** EXERCISE BRIEF **
In your copy, include no images and return each entry exactly as written.

[Items from a data source]
»»

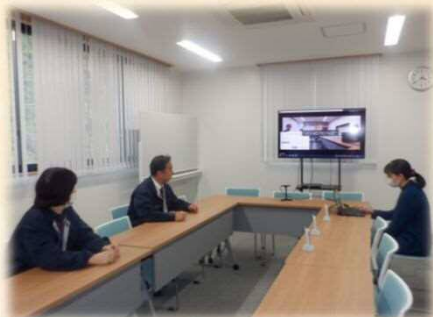
会議室に配備されたテレビ会議システム

また、太陽光発電設備についても再生可能エネルギーの利用促進を図ると言うことで導入を決めました。ただ、昨今の半導体不足の影響で、残念ながら令和4年11月20日の落成式には間に合いませんでした。太陽光発電により大規模な災害が発生した際に天候次第とはなりますが、更に長期間の運用が図れることとなります。
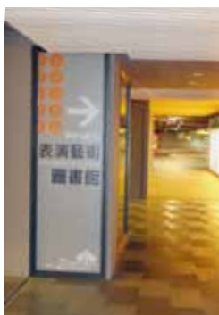
國立中正文化中心表演藝術圖書館指標更新 (100.7)

一、本館於100年7月完成入口意象更新案，將入口的指標最做得更清楚，並在門口新增表演藝術圖書館創辦至100年大事記。
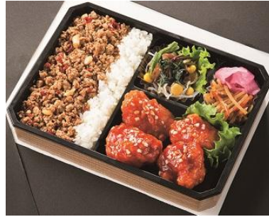
〈韓カルビ 大雲〉 韓国鶏どり弁当880円
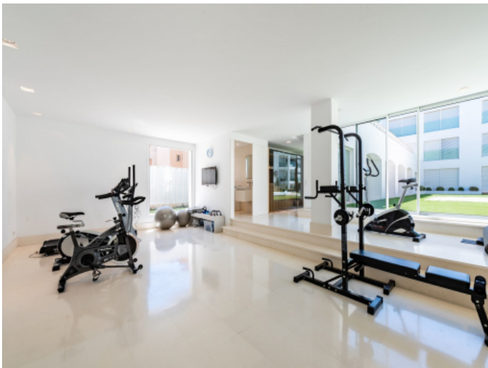
Fitnessraum im Gemeinschaftsbereich
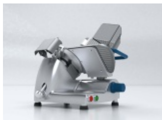
Krajalnica Ma-Ga 210p
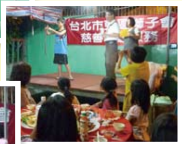
院童們進行比手劃腳 猜成語比賽
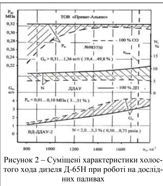
Рисунок 2 – Суміщені характеристики холостого ходу дизеля Д-65Н при роботі на дослідних паливах
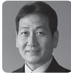
水門 義昭 議長
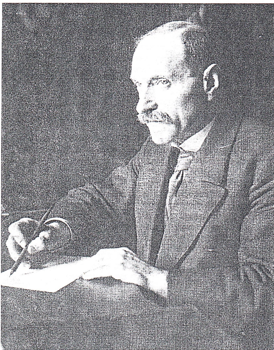
אחד האנשים השנואים ביותר על הימין המיליטנטי. הוגו האזה 1918
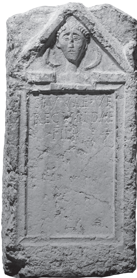
Fig. 1. Stèle de Genève. Musée d'art et d'histoire de la ville de Genève. Inv. N° EPI 0537. Document transmis par Angelo Lui.

Dans un cas, les auteurs modernes considèrent qu'il n'a aucune signification précise. Les sculpteurs n'avaient aucun souci du réalisme. Le premier artisan sollicité a gravé une lune cornes vers le haut, sans raison; les autres l'ont imité sans réfléchir. D'ailleurs Pline l'Ancien ne mentionne pas le phénomène de la lune en berceau dans les passages qu'il consacre à cet astre ( HN , II, 11: premier et dernier quartier; voir II, 32 et 72; XVIII, 75 et 79). Cette explication paraît toutefois un peu courte: il serait étonnant que, sur 255 sculptures, aucune n'ait dérogé à la règle. De plus, les artisans savaient sculpter le croissant de lune ordinaire, tourné
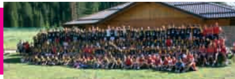
Sport & Holidays - summer and winter camp - ringrazia per l'ospitalità:
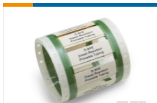
TE 产品编号EC1920-000 D-SCE Fluid Resistant Sleeves
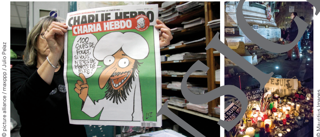
L'attentat dans la rédaction de "Charlie Hebdo" a secoué le monde entier.

Immer wieder ereignen sich Anschläge die Menschen weltweit. Das ist nicht nur eine Erscheinung des 21. Jahrhunderts ist, sondern auch eine geschichtliche Dimension und unterschiedliche Motive, die Frankreich hat, sollen die Lernenden in dieser Lernreihe anhand von schülerorientierten Methoden erfahren. Sie untersuchen beispielsweise die Anschläge rund um „Charlie Hebdo“, analysieren eine Karikatur des Satiremagazins und diskutieren in einer „table rond“, ob und wie man derartige Anschläge verhindern könnte.
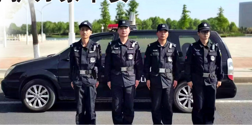
假期里,许昌市公安局示范区分局把警力摆在街面上,随时为需要帮助的群众提供服务。图为5月1日该分局民警在路面上值守。

««

** OUTPUT **
会議室に配備されたテレビ会議システム

また、太陽光発電設備についても再生可能エネルギーの利用促進を図ると言うことで導入を決めました。ただ、昨今の半導体不足の影響で、残念ながら令和4年11月20日の落成式には間に合いませんでした。太陽光発電により大規模な災害が発生した際に天候次第とはなりますが、更に長期間の運用が図れることとなります。
國立中正文化中心表演藝術圖書館指標更新 (100.7)

一、本館於100年7月完成入口意象更新案，將入口的指標最做得更清楚，並在門口新增表演藝術圖書館創辦至100年大事記。
〈韓カルビ 大雲〉 韓国鶏どり弁当880円
Fitnessraum im Gemeinschaftsbereich
Krajalnica Ma-Ga 210p
院童們進行比手劃腳 猜成語比賽
Рисунок 2 – Суміщені характеристики холостого ходу дизеля Д-65Н при роботі на дослідних паливах
水門 義昭 議長
אחד האנשים השנואים ביותר על הימין המיליטנטי. הוגו האזה 1918
Fig. 1. Stèle de Genève. Musée d'art et d'histoire de la ville de Genève. Inv. N° EPI 0537. Document transmis par Angelo Lui.

Dans un cas, les auteurs modernes considèrent qu'il n'a aucune signification précise. Les sculpteurs n'avaient aucun souci du réalisme. Le premier artisan sollicité a gravé une lune cornes vers le haut, sans raison; les autres l'ont imité sans réfléchir. D'ailleurs Pline l'Ancien ne mentionne pas le phénomène de la lune en berceau dans les passages qu'il consacre à cet astre ( HN , II, 11: premier et dernier quartier; voir II, 32 et 72; XVIII, 75 et 79). Cette explication paraît toutefois un peu courte: il serait étonnant que, sur 255 sculptures, aucune n'ait dérogé à la règle. De plus, les artisans savaient sculpter le croissant de lune ordinaire, tourné
Sport & Holidays - summer and winter camp - ringrazia per l'ospitalità:
TE 产品编号EC1920-000 D-SCE Fluid Resistant Sleeves
L'attentat dans la rédaction de "Charlie Hebdo" a secoué le monde entier.

Immer wieder ereignen sich Anschläge die Menschen weltweit. Das ist nicht nur eine Erscheinung des 21. Jahrhunderts ist, sondern auch eine geschichtliche Dimension und unterschiedliche Motive, die Frankreich hat, sollen die Lernenden in dieser Lernreihe anhand von schülerorientierten Methoden erfahren. Sie untersuchen beispielsweise die Anschläge rund um „Charlie Hebdo“, analysieren eine Karikatur des Satiremagazins und diskutieren in einer „table rond“, ob und wie man derartige Anschläge verhindern könnte.
假期里,许昌市公安局示范区分局把警力摆在街面上,随时为需要帮助的群众提供服务。图为5月1日该分局民警在路面上值守。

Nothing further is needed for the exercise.